The opposite approach, the centralized control model, is probably the most direct buffer against entropy. If the analytics team owns and manages everything, things naturally can’t get nearly as far out of control. The obvious problem here is that analytics teams then become gatekeepers for the organization’s data, and the level of individual empowerment to make data-directed decisions drops off for the rest of the organization. This also increases information asymmetries between teams.  

A nuanced approach between self service and control is where most innovative teams end up; but no working model in and of itself addresses the root causes of entropy. 

Because the models themselves cannot solve entropy, most teams will end up employing strategies to identify which 20% of high profile assets are most useful to the most people and should therefore be curated and maintained, and which 80% are just noise and need to be managed out. 

Chart differentiating the 80% from the 20%

A more directed focus on the 20% has historically led data teams to implement strategies to manage and curate their most important assets:

  • Create folders of certified assets: Certified assets are those the data team stands behind, and will actively support.

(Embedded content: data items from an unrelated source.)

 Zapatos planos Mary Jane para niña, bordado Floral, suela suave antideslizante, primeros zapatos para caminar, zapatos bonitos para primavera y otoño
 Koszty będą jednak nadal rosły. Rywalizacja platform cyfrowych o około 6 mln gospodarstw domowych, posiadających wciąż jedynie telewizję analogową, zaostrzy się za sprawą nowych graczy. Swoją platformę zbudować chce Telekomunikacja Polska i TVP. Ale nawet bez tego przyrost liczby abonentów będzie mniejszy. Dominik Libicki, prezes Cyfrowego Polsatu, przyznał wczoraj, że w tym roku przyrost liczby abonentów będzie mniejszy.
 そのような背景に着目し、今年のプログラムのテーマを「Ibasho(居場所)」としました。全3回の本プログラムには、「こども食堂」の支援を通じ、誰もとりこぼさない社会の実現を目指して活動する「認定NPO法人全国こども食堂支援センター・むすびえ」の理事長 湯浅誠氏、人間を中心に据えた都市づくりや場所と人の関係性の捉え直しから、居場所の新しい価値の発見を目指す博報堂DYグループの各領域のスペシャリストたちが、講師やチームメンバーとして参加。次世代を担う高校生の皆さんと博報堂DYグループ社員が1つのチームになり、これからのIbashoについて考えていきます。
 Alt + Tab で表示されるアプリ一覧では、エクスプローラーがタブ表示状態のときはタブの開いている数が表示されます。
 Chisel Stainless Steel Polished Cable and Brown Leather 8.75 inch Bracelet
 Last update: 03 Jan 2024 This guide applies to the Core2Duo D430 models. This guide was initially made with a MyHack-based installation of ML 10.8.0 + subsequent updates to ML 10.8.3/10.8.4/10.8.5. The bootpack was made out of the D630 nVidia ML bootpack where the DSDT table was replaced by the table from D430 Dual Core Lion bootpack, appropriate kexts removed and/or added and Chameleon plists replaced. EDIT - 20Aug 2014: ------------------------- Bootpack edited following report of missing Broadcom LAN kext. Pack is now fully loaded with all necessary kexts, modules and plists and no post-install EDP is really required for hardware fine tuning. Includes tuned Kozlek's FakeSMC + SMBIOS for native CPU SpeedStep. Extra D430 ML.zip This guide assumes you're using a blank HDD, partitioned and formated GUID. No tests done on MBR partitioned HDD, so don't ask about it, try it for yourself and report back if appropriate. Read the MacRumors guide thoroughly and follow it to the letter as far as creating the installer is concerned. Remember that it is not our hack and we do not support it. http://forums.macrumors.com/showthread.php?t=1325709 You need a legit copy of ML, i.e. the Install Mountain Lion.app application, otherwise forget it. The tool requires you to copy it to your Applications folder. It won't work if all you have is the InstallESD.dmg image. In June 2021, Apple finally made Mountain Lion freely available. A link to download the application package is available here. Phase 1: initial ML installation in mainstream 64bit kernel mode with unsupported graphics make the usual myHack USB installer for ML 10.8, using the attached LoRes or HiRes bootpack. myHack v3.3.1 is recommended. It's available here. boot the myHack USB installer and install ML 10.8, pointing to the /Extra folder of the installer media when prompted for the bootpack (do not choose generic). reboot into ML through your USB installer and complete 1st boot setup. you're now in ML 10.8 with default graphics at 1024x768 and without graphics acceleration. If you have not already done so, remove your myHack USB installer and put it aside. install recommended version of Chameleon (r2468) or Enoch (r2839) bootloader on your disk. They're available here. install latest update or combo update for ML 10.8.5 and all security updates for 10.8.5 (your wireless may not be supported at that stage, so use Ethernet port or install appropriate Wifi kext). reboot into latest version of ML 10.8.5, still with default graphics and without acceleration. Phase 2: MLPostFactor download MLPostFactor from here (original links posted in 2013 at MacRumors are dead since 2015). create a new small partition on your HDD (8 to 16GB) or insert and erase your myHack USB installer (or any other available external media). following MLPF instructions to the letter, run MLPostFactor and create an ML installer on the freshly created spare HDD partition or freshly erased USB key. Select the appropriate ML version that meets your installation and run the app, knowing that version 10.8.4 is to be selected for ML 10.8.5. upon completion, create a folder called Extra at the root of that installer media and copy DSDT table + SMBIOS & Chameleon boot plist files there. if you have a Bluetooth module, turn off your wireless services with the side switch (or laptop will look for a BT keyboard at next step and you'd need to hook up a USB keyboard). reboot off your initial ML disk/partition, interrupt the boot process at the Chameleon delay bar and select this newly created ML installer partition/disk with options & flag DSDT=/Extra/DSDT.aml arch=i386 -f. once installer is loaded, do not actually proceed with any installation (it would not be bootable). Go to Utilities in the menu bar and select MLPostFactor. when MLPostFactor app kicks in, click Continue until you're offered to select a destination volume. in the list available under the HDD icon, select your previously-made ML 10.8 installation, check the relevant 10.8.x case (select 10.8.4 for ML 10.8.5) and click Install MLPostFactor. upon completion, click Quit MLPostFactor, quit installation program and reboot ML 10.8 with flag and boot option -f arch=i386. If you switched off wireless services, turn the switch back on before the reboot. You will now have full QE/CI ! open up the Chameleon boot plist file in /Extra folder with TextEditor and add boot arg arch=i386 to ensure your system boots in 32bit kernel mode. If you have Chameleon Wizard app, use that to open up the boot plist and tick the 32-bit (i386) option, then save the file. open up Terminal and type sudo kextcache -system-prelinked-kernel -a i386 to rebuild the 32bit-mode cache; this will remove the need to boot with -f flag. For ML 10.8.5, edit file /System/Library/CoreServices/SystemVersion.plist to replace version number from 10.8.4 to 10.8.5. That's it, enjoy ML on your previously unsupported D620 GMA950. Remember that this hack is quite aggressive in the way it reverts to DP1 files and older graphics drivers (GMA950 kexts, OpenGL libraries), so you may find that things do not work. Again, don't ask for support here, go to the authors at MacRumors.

Teams may create folders of these assets, or put a certified logo or label in the UI of a given dashboard. Having this sort of clear quality marker goes a long way toward making sure users know which assets are appropriate to use, but does not work well when managing many different systems. 
  • Build documentation in an intranet: Intranets have become critical to cataloging assets, as teams will often list out all the most important assets and provide guidance for how to use them. In contrast to maintaining folders of certified assets, intranets are more flexible and allow teams to build content pertaining to assets from many different systems at once. However, they may also exacerbate the problem by introducing a new set of one-off documentation to maintain, knowledge which ends up in a separate system from the data it relates to.
  • Maintain a data catalog: Data catalogs help teams keep track of data lineage, metadata, and the underlying tables that power their data assets. Data catalogs are helpful for larger data teams, but are targeted at a technical audience, and typically focus on addressing data sprawl within your data warehouse. This might help your data team, and folks that can write SQL, but does not solve the broader disorder within your organization.

The 80/20 approach necessitates understanding which data assets make up the less used and less valuable 80%, and how to take them to end of life. Common strategies include:

  • Conduct user interviews: This type of “anecdata” is useful to know who uses what, but is vulnerable to selection and confirmation bias depending on who you interview and how questions are phrased. It is also time-consuming.
  • Mine available usage data: Many analytics tools will have some level of usage data to help you establish insights into which assets are the most frequently used. This can be valuable, but is prone to gaps between heterogeneous systems, and even worse, some systems don’t make this usage data available at all. 
  • Quarterly clean-up/mass delete: The brute force method is sometimes necessary to get things under control. A combination of manual and automated processes will likely be necessary. For a rundown on some of the automated strategies that you can employ to reduce the manual load of this process, see this article from data engineering writer Sarah Krasnik. It should be noted, however, that these strategies require solid availability of high-quality usage data, which is not always a given across different systems, as discussed above.

All of these solutions have a place in data management, but each has its own tradeoffs and shortcomings, and is unlikely on its own to solve the problem of entropy. It is clear that a more comprehensive solution is required.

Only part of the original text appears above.